• TASK ITEM
Although the data below contains pictures, output only the lines between those holding "the apt is equipped" and "A display of", inclusive, exactly and without those pictures.

• WORKING DATA
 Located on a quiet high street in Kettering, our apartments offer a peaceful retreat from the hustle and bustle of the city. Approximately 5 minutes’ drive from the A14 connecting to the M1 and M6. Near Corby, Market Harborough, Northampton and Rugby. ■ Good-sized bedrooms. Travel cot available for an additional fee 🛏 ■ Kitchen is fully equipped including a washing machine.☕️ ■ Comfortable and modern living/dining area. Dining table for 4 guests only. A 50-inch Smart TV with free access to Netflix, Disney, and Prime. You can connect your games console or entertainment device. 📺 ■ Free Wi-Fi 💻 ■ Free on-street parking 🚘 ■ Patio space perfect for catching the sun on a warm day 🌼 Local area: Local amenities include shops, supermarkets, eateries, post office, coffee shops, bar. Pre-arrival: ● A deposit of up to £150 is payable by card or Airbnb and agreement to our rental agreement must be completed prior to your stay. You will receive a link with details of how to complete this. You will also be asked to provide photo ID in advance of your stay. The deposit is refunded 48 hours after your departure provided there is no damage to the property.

--

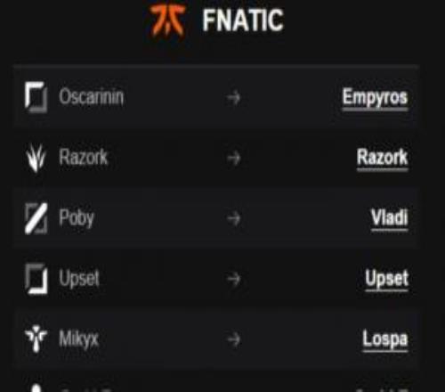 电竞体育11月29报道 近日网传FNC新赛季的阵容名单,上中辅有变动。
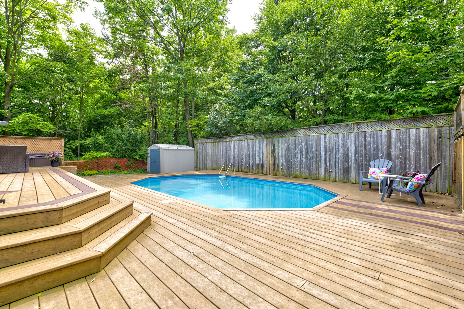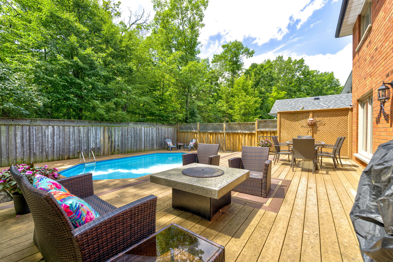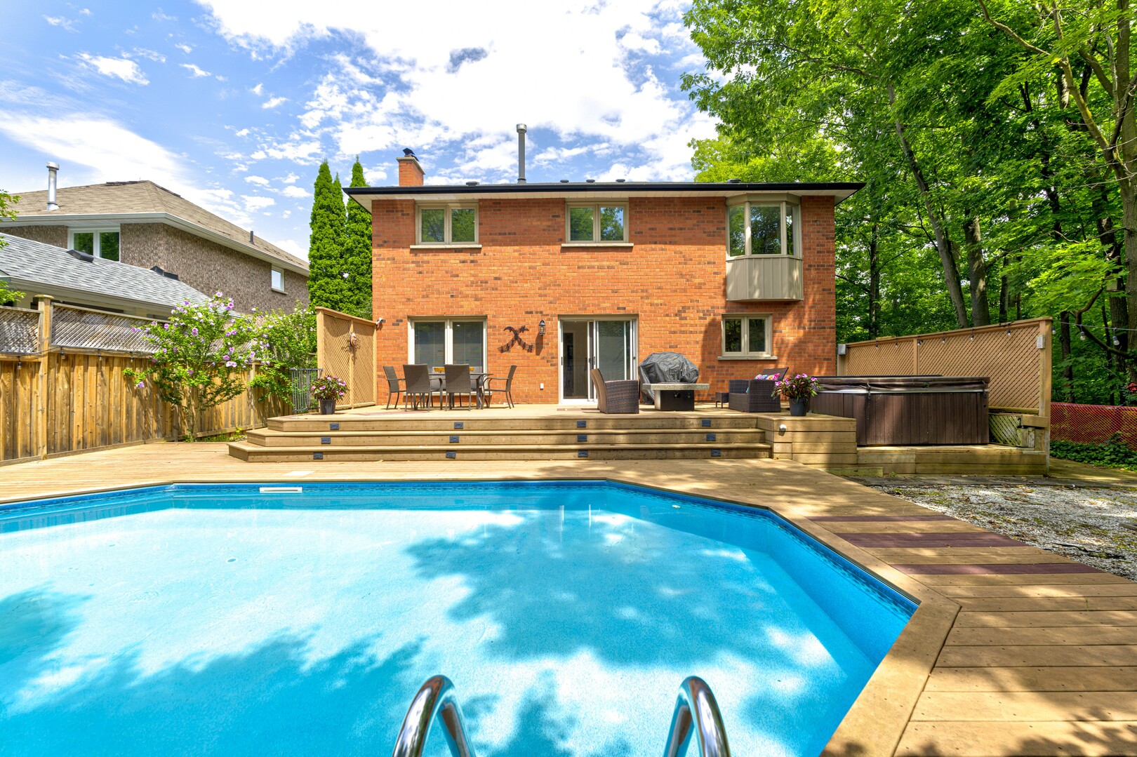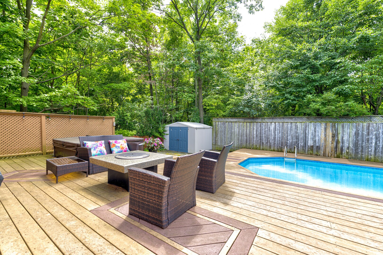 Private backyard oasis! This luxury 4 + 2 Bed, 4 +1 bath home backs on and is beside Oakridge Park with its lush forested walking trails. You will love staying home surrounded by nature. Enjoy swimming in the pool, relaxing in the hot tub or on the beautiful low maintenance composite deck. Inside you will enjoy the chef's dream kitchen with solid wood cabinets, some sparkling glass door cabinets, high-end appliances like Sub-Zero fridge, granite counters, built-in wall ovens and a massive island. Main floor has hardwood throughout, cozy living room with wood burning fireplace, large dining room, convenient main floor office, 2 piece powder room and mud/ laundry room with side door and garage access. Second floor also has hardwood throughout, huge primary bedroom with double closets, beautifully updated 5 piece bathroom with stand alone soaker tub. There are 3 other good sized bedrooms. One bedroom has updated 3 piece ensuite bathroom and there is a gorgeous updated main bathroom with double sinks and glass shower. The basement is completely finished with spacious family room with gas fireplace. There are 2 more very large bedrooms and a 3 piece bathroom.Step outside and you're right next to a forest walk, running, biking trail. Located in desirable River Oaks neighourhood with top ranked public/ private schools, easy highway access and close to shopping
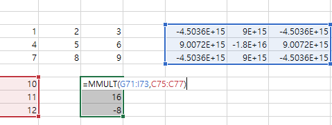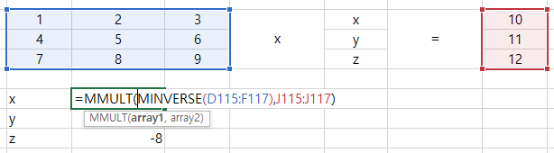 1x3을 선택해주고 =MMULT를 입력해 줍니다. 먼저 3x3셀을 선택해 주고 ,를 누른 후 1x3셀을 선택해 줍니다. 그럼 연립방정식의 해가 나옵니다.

--

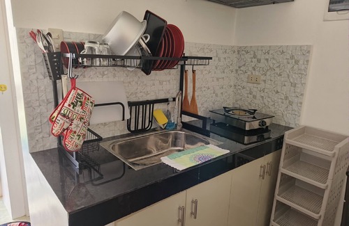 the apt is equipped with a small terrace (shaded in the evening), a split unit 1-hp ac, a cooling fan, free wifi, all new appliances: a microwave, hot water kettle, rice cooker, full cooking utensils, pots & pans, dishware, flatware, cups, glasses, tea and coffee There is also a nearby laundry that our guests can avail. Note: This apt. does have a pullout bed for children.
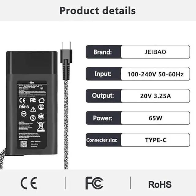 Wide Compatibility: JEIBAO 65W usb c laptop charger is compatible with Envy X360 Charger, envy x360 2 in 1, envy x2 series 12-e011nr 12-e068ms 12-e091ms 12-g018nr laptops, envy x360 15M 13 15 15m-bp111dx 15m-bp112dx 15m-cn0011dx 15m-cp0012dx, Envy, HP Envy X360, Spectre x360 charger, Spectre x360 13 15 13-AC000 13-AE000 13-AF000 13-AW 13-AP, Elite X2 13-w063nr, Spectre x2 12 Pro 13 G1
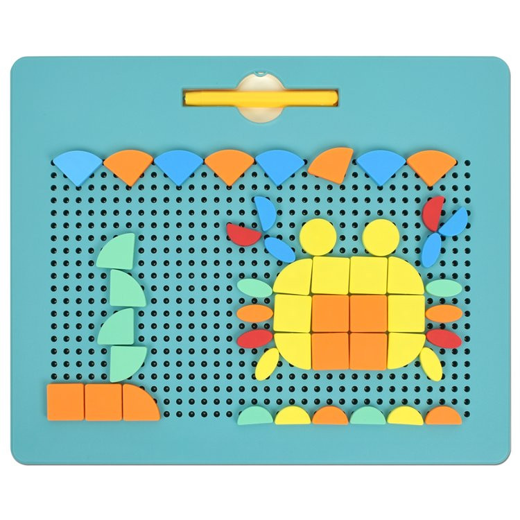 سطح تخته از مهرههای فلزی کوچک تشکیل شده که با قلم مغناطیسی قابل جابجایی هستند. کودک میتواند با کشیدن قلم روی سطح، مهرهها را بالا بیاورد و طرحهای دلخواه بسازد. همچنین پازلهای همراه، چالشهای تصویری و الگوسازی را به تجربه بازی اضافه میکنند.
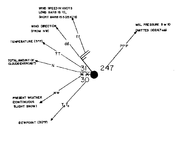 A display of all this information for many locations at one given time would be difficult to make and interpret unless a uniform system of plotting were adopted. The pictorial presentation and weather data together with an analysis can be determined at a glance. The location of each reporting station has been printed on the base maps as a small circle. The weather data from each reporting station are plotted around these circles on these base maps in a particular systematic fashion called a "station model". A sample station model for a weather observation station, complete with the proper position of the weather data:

• OUTPUT BELOW
 the apt is equipped with a small terrace (shaded in the evening), a split unit 1-hp ac, a cooling fan, free wifi, all new appliances: a microwave, hot water kettle, rice cooker, full cooking utensils, pots & pans, dishware, flatware, cups, glasses, tea and coffee There is also a nearby laundry that our guests can avail. Note: This apt. does have a pullout bed for children.
 Wide Compatibility: JEIBAO 65W usb c laptop charger is compatible with Envy X360 Charger, envy x360 2 in 1, envy x2 series 12-e011nr 12-e068ms 12-e091ms 12-g018nr laptops, envy x360 15M 13 15 15m-bp111dx 15m-bp112dx 15m-cn0011dx 15m-cp0012dx, Envy, HP Envy X360, Spectre x360 charger, Spectre x360 13 15 13-AC000 13-AE000 13-AF000 13-AW 13-AP, Elite X2 13-w063nr, Spectre x2 12 Pro 13 G1
 سطح تخته از مهرههای فلزی کوچک تشکیل شده که با قلم مغناطیسی قابل جابجایی هستند. کودک میتواند با کشیدن قلم روی سطح، مهرهها را بالا بیاورد و طرحهای دلخواه بسازد. همچنین پازلهای همراه، چالشهای تصویری و الگوسازی را به تجربه بازی اضافه میکنند.
 A display of all this information for many locations at one given time would be difficult to make and interpret unless a uniform system of plotting were adopted. The pictorial presentation and weather data together with an analysis can be determined at a glance. The location of each reporting station has been printed on the base maps as a small circle. The weather data from each reporting station are plotted around these circles on these base maps in a particular systematic fashion called a "station model". A sample station model for a weather observation station, complete with the proper position of the weather data:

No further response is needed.